Could you repeat your first question again, please?
You can just record the first question. It was about M&A, but I think you covered it. All right, so could you just answer the second question,
please? I would say that we do monitor legislative and executive orders, legislative developments and executive orders fairly closely to the extent they impact our space. And we have not identified anything that we think will materially impact our business per se. We can't make forecasts as far as what's going to happen on the regulatory front. But we've seen various administrations come and go over the life of NRP. And we frankly haven't seen a dramatic impact, just for example, over the last decade through two plus administrations that we've weathered. We don't know exactly what impact that's going to have on us. And we're not changing our business plans because of it.
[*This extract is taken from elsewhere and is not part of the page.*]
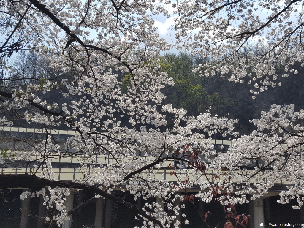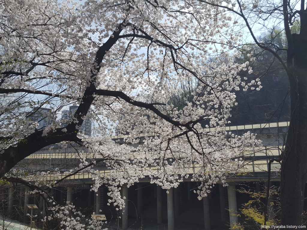 동작역에서 이수교차로로 이어지는 길은 벚꽃 천지였다. 오후의 햇살을 받아서 하얀 벚꽃이 더욱 화려하다.

Go ahead. Thank you so much.
Yeah, you bet.
There are no further questions at this time. That concludes our question and answer session. I will now hand it back over to Craig Nunes for closing remarks.
Thank you, operator. And thank you, everyone, for joining us today and for your support of us. We're nearing the end of a very long journey to conclude the strategy that we put in place back in 2015. And we couldn't have done what we've done so far without your support. The headwinds of the market are certainly headwinds at the moment. But I can honestly say that despite the outlook for our three key commodities being probably the worst it's been in my tenure at NRP, the outlook from the perspective of an equity holder is certainly brighter than it's been over the last decade. So with that, thank you again. And I look forward to speaking to you soon. Good day.
That concludes today's call. You may now.